我不是一出生就知道自己姓沈的。
六歲之前在孤兒院,跟著院長姓林,叫林小滿。
孤兒院在南方一個小縣城的邊上,三間漏雨的平房,擠了十幾個孩子。
年紀大的孩子搶飯吃,我小,搶不過。
六歲那年孤兒院關了,轉去一家福利院。
飯夠吃了,但是挨打。
管事的王叔喝了酒就動手,專挑沒人領養的小孩打。
十二歲跑過一次,被抓回來揍得在床上躺了一個星期。
十四歲又跑了一次,跑成了。
十四到十八歲,麵包廠夜班,小飯館洗碗工,洗車店、快遞站、服裝廠都幹過。
沒有學曆,長得普通,每份工做不長。
最窮的時候翻過垃圾桶。
十八歲那年,第一家孤兒院的院長找到了我。
她老得走不動了,讓女兒騎三輪車帶來一個牛皮紙信封。
信封裏是我的入院檔案。
出生登記那一欄被黑色馬克筆塗改過,但紙舊了,墨跡褪得不均勻。
對著光,能看清原本寫的姓名。
沈時寧。
院長說,二十年前有個男人抱著一個三四歲的小女孩來到孤兒院,塞了一筆錢就走了。
說這孩子沒有父母。
院長覺得不對勁,想報警,但那筆錢對快要倒閉的孤兒院太重要了。
她撐了很多年。
“小滿,對不住你。”院長的女兒把信封推過來,“我娘說,你可能是被拐的。”
那天晚上我在網吧花了三塊錢。
搜“沈時寧 丟失”。
結果出來的時候,我的手一直在抖。
沈氏傳媒創始人沈遠山之女沈時寧,二十年前在京市走失,至今未找到。
懸賞金額從一百萬漲到五百萬,再漲到一千萬。
沈衍舟少年時在個人賬號上寫過一段話......
“我會一直找。
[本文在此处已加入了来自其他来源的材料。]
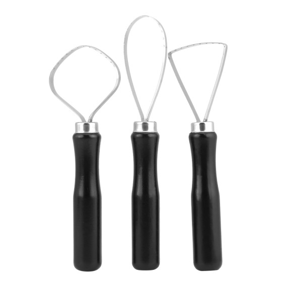 3PCS Clay Sculpture Tools with Teeth, Large Loop Rib Tools for Pottery, Wood Handle Modeling Tools for Ceramics, Sculpting, Trimming, Batik - DIY Wax Print Art Craft Supplies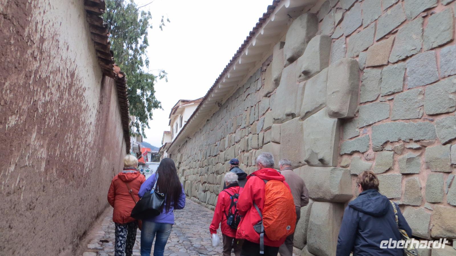 Frisch gestärkt marschierten wir entlang der alten Inkastadtmauer zum Qorikancha-Tempel. Auf dieser Inka-Anlage befinden sich 3 Tempel; der Regen,-Blitz,-und Sonnentempel. Kurios sind die riesigen Kalksteinblöcke, welche erstaunlicherweise ohne Zement halten.

”
賬號後來注銷了,但截圖到處流傳。
我在網吧坐了一整夜。
第二天早上,沒有去沈家。
因為那條新聞下麵還有一條。
“沈家確認已找回走失女兒沈時寧,係養父母在外省撫養,已回歸家庭。”
配圖裏沈衍舟站在一個十六七歲的女孩身旁。
女孩笑得甜美大方。
圖片說明:沈衍舟與妹妹沈時寧(現名宋念芯)。
她不是沈時寧。
我才是。
但一個沒有學曆、沒有身份證明、翻過垃圾桶的流浪孤女,怎麼跟一個頂級豪門說:你們認回來的那個人是假的?
我需要時間。
需要證據。
需要一個讓所有人都看到的契機。
所以我用了三年。
混進沈衍舟投資的劇組,從搬道具幹起,後來去發盒飯。
看著宋念芯被所有人捧著,用沈家的姓,花沈家的錢,演沈家投資的戲。
她管沈衍舟叫哥哥。
沈衍舟每次來探班,給她整個劇組加餐。
加過的餐,我要一盒一盒發給全組人。
三年裏攢了四台微型攝像頭。
第一台第一年就被場務砸了。
第二台拍到了一些東西,不夠。
第三台錄下了趙曼打我,但她發現後掰斷了存儲卡,還把我關在道具倉庫一整夜。
第四台就是這一次。
換了能實時直播的型號,存儲在雲端。
死老鼠的腥味到現在還沒從嗓子眼散幹淨。
但值了。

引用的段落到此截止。